In Hong Kong four practitioners are appealing against their deportation in 2003 when scores of believers from Taiwan were prevented from entering the city.

"Falun Gong group gives update on lawsuit against HK"

by Jean Lin ("Taipei Times," September 25, 2005)

Taipei, Taiwan - Four representatives of the Taiwan Falun Dafa Institute, who are suing the Hong Kong government for the forced repatriation of 80 Taiwanese Falun Gong practitioners two years ago, gave a progress report on their case yesterday, one day after their return to Taiwan.
The four were among the 80 practitioners repatriated in February 2003 after going to Hong Kong to attend a Falun Gong activity.
The 80 practitioners were taken into custody at the Hong Kong airport and some were victims of police violence, according to Chang Chin-hua, representative of the Taiwan Falun Dafa Institute.
One of the plaintiffs, lawyer Theresa Chu, said that there was no legitimate reason for the repatriation.
"Repatriating us because we are Falun Gong practitioners is a violation of religious freedom and human rights," Chu said. "We all had the correct visas and none had criminal records. The repatriation was illegal."
The four plaintiffs were again detained at Hong Kong's airport as they arrived for their court appearance and were forbidden to leave, because of what the the Hong Kong Immigration Department called "security reasons."
"The Hong Kong government's action, in repatriating Falun Gong practitioners with no criminal records under mere assertions of security, is purely irrational," Chu said.
The group's Hong Kong lawyer, Paul Harris pointed out the illegal action of the Immigration Department and demanded the reasons for the listing of the four plaintiffs on the territory's "Immigration Watchlist."
"The Chinese government is suppressing human rights in both Taiwan and Hong Kong by not allowing Falun Gong practitioners to enter the country," Chu said. "The Hong Kong government should respect the judiciary and not give in to suppression."
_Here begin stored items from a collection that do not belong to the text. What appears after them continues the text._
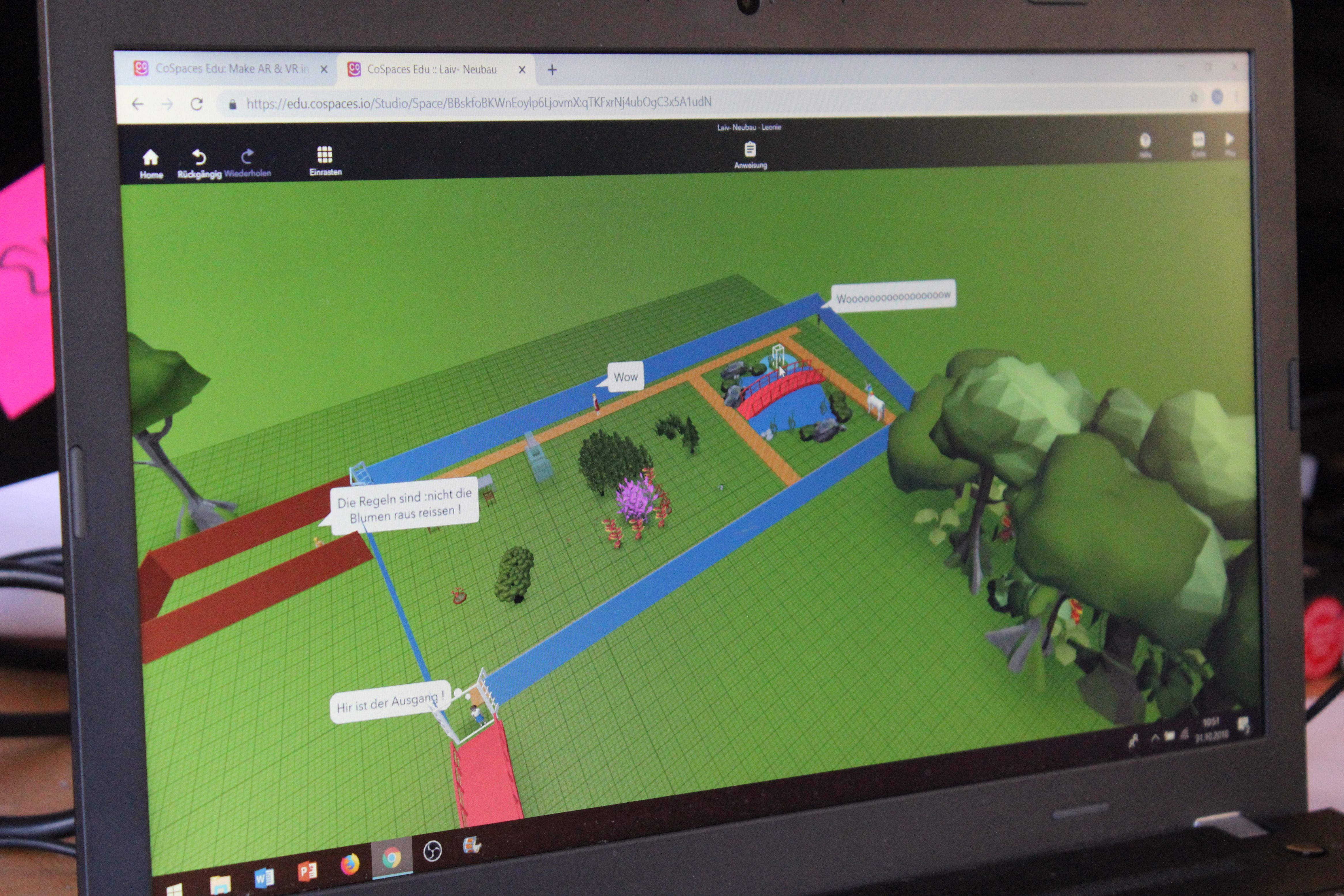 Die Schüler:innen lernen eine einfache Software zum Erstellen einer virtuellen Umgebung und ihre Grundfunktionen kennen. Sie erstellen eine eigene Welt und programmieren einige Elemente nach ihren Wünschen. Zum Abschluss entdecken sie die erbauten Welten mit dem Smartphone und der VR-Brille.
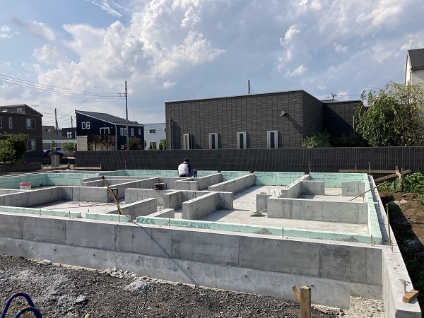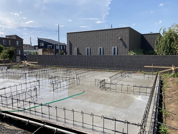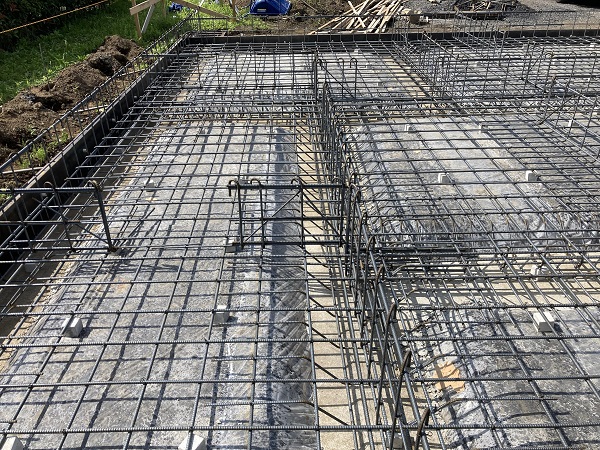 雨続きで遅れていた基礎工事でしたが、基礎屋さんの工夫で鉄筋工事まで進み、その後の梅雨明けで一気に進行しています。
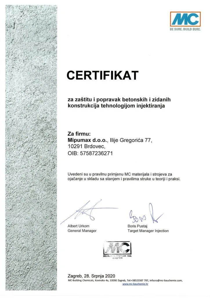 Tvrtka Mipumax d.o.o. je građevinska tvrtka sa sjedištem u Brdovcu, Zagrebačka županija, Hrvatska. Od osnutka tvrtka je specijalizirana za širok spektar usluga kao što su usluge injektiranja, strukturalnih popravaka i raznih hidroizolacijskih rješenja. Kroz godine poslovanja, profilirali smo se kao pouzdan i kvalitetan partner u industriji sanacija i obnove.
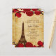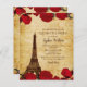 Budget Rustic Red Roses Eiffel Tower Quinceañera Quince Uitnodiging
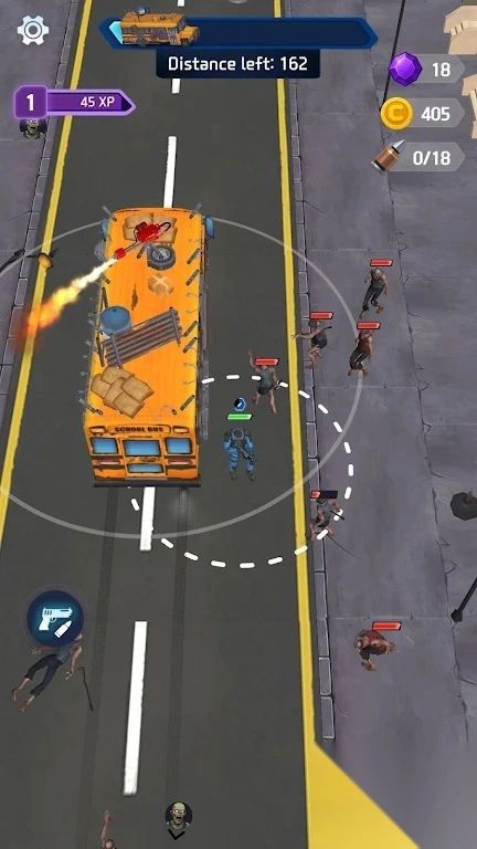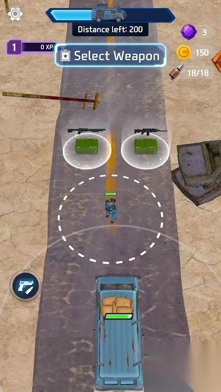 2.观察道路上的僵尸分布,避免被包围,优先清理挡路的僵尸,保证车辆顺利前进。

"Journo jailed for Falun Gong stories"

(AFP, September 24, 2005)

Beijing, China - CHINA has sentenced a journalist to seven years in prison for writing articles for an overseas dissident newspaper linked to the banned Falun Gong spiritual group, rights groups said today.
Zheng Yichun was sentenced on Wednesday by a court in Yingkou city, in the north-east province of Liaoning, for "inciting subversion" through his writings, according to the New York-based Committee to Protect Journalists (CPJ).
He was the third Chinese journalist jailed this year for transmitting information and opinions online, according to the CPJ.
Authorities detained the freelance writer on December 3, 2004 after he criticised Communist Party leaders in his writings.
Zheng, a former professor, had written hundreds of articles for online news sites that are blocked in China, but the CPJ said sources familiar with the case believed the government was especially opposed to his writings for Epoch Times, which is associated with the Falun Gong group that has been banned by the government.
They believe Zheng's harsh sentence may be linked to Chinese leaders' objections to the Epoch Times series Nine Commentaries on the Communist Party, a widely read and controversial look at the ruling party's history and current practices, CPJ said.
Epoch Times is openly circulated in news stands in US cities with large Chinese immigrant populations.
Zheng was initially tried in April. No verdict was announced. He was tried again in July on the same charges. As in the April trial, the proceedings lasted just three hours, CPJ said.
"Zheng has done nothing more than express his opinions, a right that is guaranteed to all Chinese citizens," CPJ executive director Ann Cooper said.
The Chinese government's determination to keep the internet and journalists on a tight leash also saw the sentencing this year of Shi Tao to 10 years in prison and Zhang Lin to five years.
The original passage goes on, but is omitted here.